= Hermann Friedberg =

German physician (1817–1884)

Hermann Friedberg (5 July 1817 - 2 March 1884) was a German medical doctor from Rosenberg (Olesno), Silesia.

He studied at the universities of Berlin, Vienna, Prague, Paris, and Breslau, receiving from the last-named the degree of doctor of medicine in 1840. From 1849 to 1852 he was an assistant at the surgical hospital of the University of Berlin, and in 1852 was admitted as a privatdozent in surgery and pharmacology to the medical faculty of the Berlin University, at the same time conducting a private hospital for the treatment of surgical and ophthalmological diseases. In 1866 he was appointed professor of pharmacology at the University of Breslau, where he later died.

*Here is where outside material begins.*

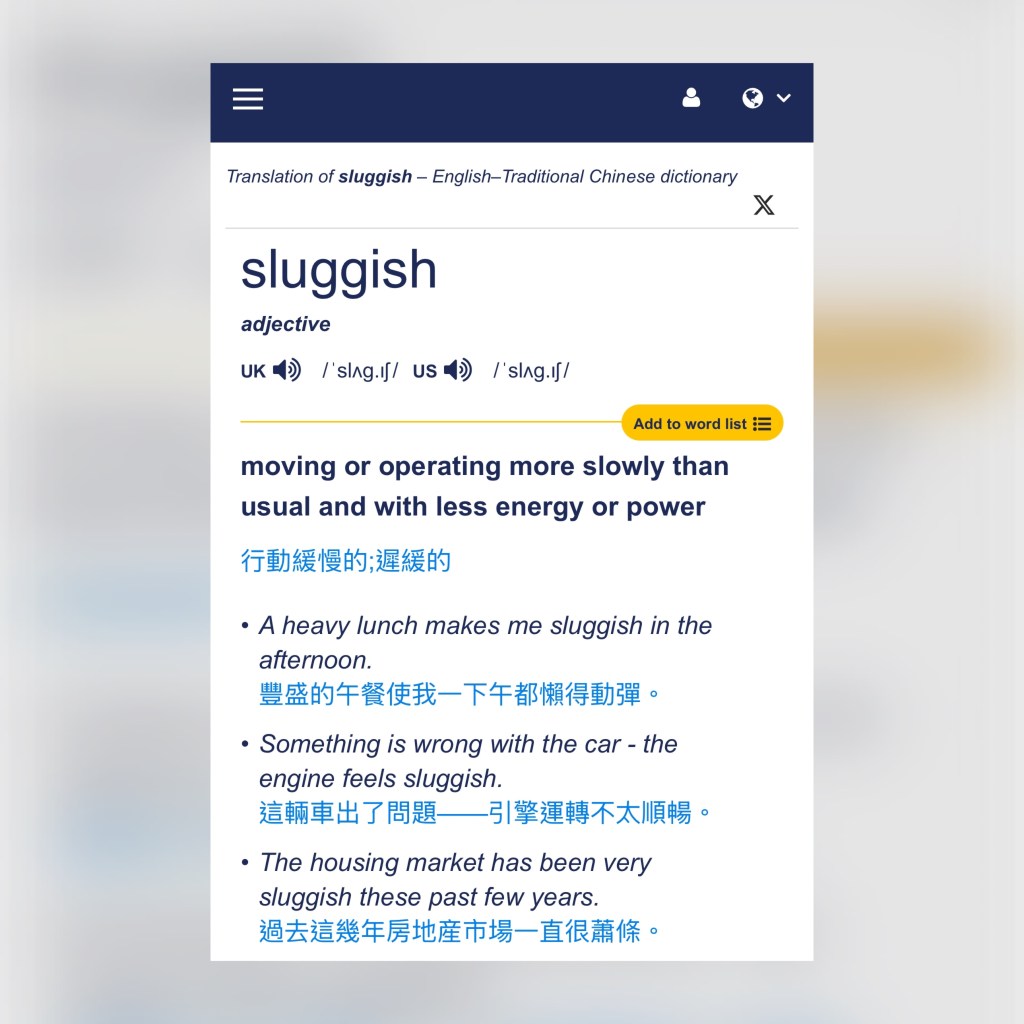 I’ve just eaten and I’m now feeling very sluggish. (我剛吃完飯。我現在覺得很累很很提不起勁。)

It is believed that Friedberg wrote the first description of CLOVES syndrome.

== Literary works ==
Friedberg wrote many essays on surgical and pharmacological topics, but latterly devoted himself especially to medical jurisprudence. He was a collaborator on:
- Eulenberg's Handbuch des Oeffentlichen Sanitätswesens
- a contributor to the Vierteljahresschrift für Gerichtliche Medizin und Oeffentliches Sanitätswesen
- to Virchows Archiv für Pathologische Anatomie und Physiologie und für Klinische Medizin

He is also the author of:
- Pathologie und Therapie der Muskellähmung, Vienna, 1858 (2d ed., Leipzig, 1862);
- Die Vergiftung Durch Kohlendunst, Berlin, 1866;
- Gerichtsärztliche Gutachten, Erste Reihe, Brunswick, 1875;
- Gerichtsärztliche Praxis. Vierzig Gutachten, Vienna and Leipzig, 1881.